In the United States, both low carb and low fat diets are popular. But Penciu said that many people are missing the fundamentals in following these diets in a healthy way.
“There remains a significant gap in public awareness. While low carb and low fat diets are widely practiced, unhealthy versions — high in refined carbohydrates or animal fats — are still common,” Penciu said.
“A low fat diet high in sugar can be just as harmful as a low carb diet high in saturated fat. A low fat cookie is still a cookie. Past inconsistencies in research likely contributed to confusion, as studies often defined diets very differently,” she added.
In the United States, heart disease is the leading cause of death for both males and females, and for most racial and ethnic groups.
Every 34 seconds, someone in the United States dies from cardiovascular disease.
Coronary heart disease is the most common form of heart disease and, in 2022, was responsible for 371,506 deaths.
Maintaining a healthy diet is a key factor in reducing the risk of heart disease.
“Diet is an incredibly important component of cardiometabolic health. The food that you eat will influence cardiovascular risk factors such as blood pressure, cholesterol, and weight,” said Cheng-Han Chen, MD, board certified interventional cardiologist and medical director of the Structural Heart Program at MemorialCare Saddleback Medical Center in Laguna Hills, CA. Chen wasn’t involved in the study.
“In addition, the quality of your diet will affect the degree of inflammation in your body, further influencing your risk of heart disease,” he told Healthline.
Chen recommended eating a heart-healthy diet rich in plants, nuts, whole grains, and lean protein, and low in sodium, saturated fats, and processed carbohydrates.
“For cardiovascular health, we generally recommend a low fat diet. This study clarifies that the macronutrient components of the diet are also important and should be low in refined carbohydrates as well,” he said.

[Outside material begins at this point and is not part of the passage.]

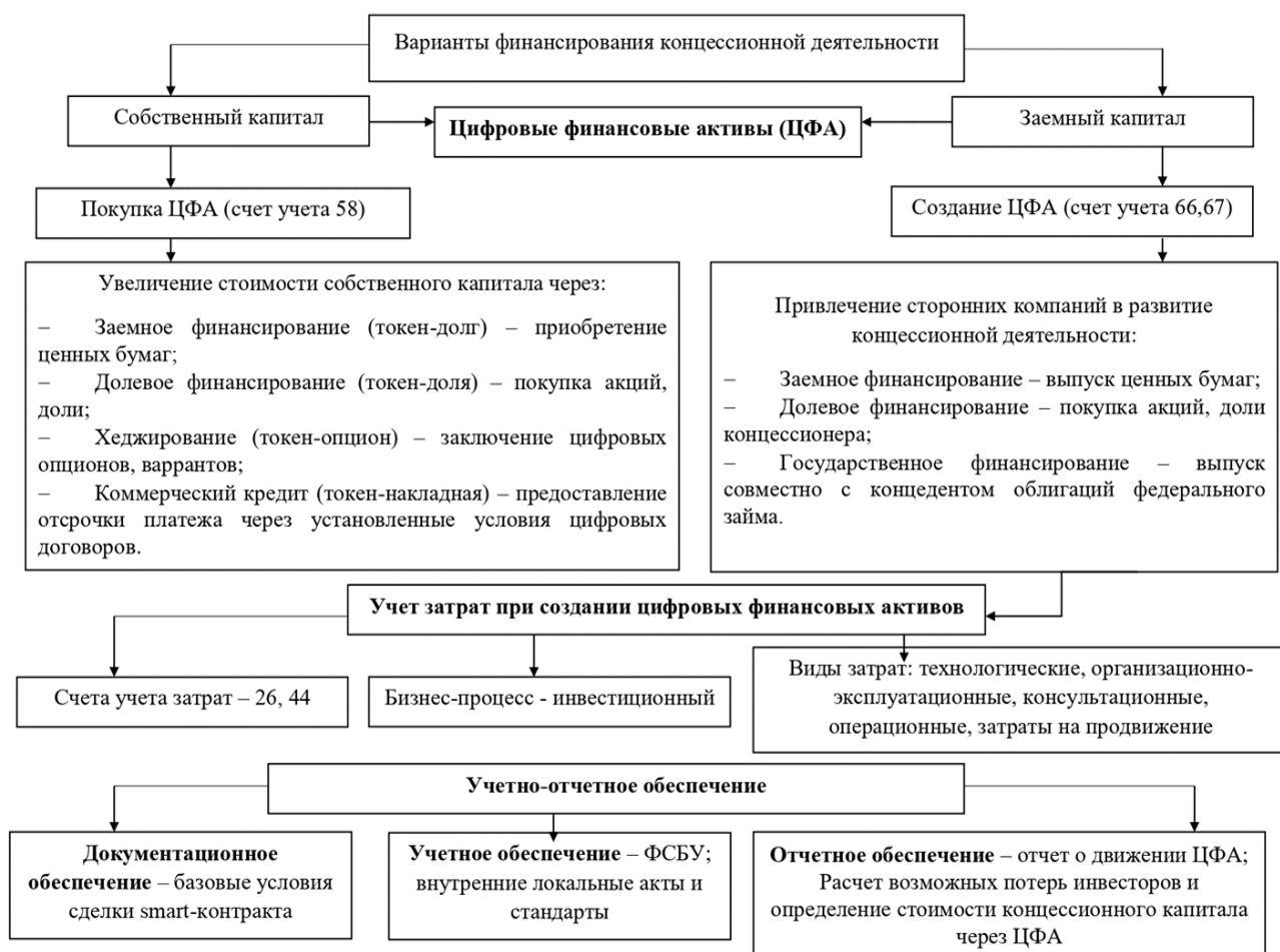
Рисунок 2 – Методический подход к бухгалтерскому учету формирования источников финансирования концессионной деятельности на основе цифровых финансовых активов

В процессе диссертационного исследования автором предложен методический подход к формированию бухгалтерского учета источников финансирования концессионной деятельности в рамках системы учетно-отчетного обеспечения на основе применения цифровых финансовых инструментов (Рисунок 2).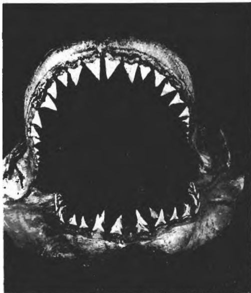
Fig. 3.— C. carcharias , ♂ 3,050 mm, Puerto Quequén, quijadas. Col. MACN N° 4544.

When it comes to choosing between a low fat or low carb diet, experts say both dietary patterns have benefits.
“Both low carb and low fat diets have merit for cardiometabolic health. For a patient of relatively normal weight with high cholesterol, a low fat diet may be preferable, said Mir Ali, MD, bariatric surgeon and medical director of MemorialCare Surgical Weight Loss Center at Orange Coast Medical Center in Fountain Valley, CA. Ali wasn’t involved in the study.

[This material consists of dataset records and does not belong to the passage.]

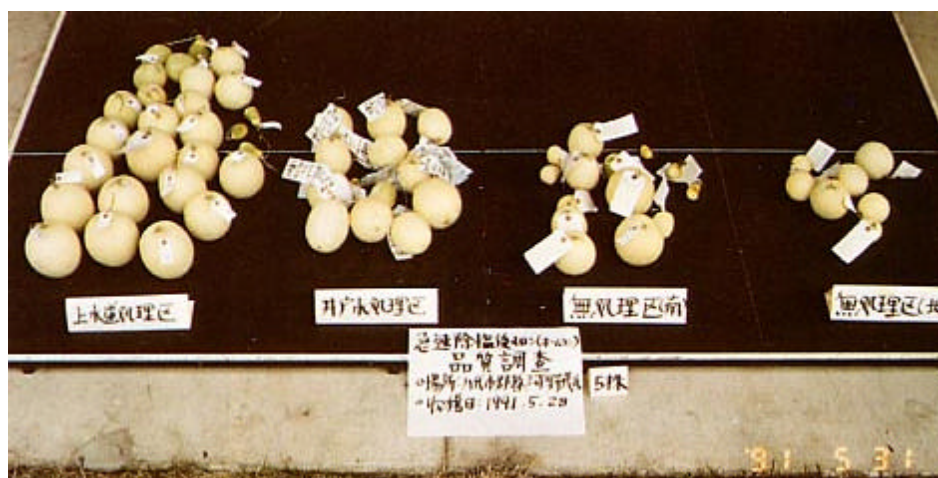
写真2 メロン（ホームランスター）の各処理区毎の5株の収量（各処理区は、上水道処理区に隣接している）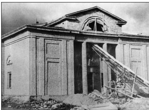
Строительство клуба «Шахтёр»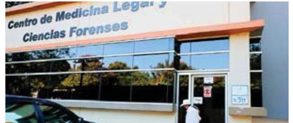
El crimen organizado es responsable del 70% de las muertes violentas de mujeres en Honduras.

Según las cifras oficiales, el país acumula hasta el 17 de diciembre 3,481 homicidios y un promedio diario de 9.9, por lo que, de continuar con ese índice, apunta a cerrar el año con más de 3,500 muertes violentas.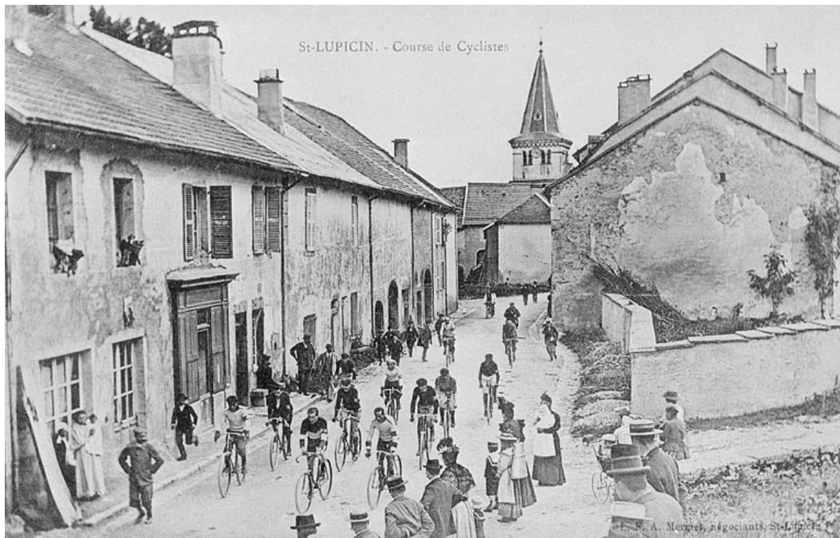
Saint-Lupicin. Course de cyclistes : la rue principale.

“Conversely, if weight loss is a primary objective, lowering carbohydrate intake is often beneficial. Recommendations must be tailored to the individual after a close clinical evaluation,” he told Healthline.
Ali recommended starting with small changes, such as replacing one unhealthy food at a time, to allow for a gradual transition. Drastic dietary overhauls are difficult to implement and even harder to sustain long-term.
Penciu said that instead of sticking to a specific diet, it can be helpful to focus on balance and whole foods.
“Don’t stress the math; just eat real food. Build a balanced plate with vegetables, lean protein such as chicken, fish, eggs, beans, or tofu, and whole grains or starchy vegetables, like quinoa, brown rice, or sweet potatoes. Sprinkle in a little healthy fat (i.e., olive oil, avocado, nuts, or seeds) to make meals satisfying,” Penciu said.
“Keep flavors simple with herbs, spices, or a squeeze of lemon instead of sugary sauces, skip heavily processed foods when possible, and swap sugary drinks for water or tea. Focus on consistency and quality, not perfection. Small, steady improvements add up,” she concluded.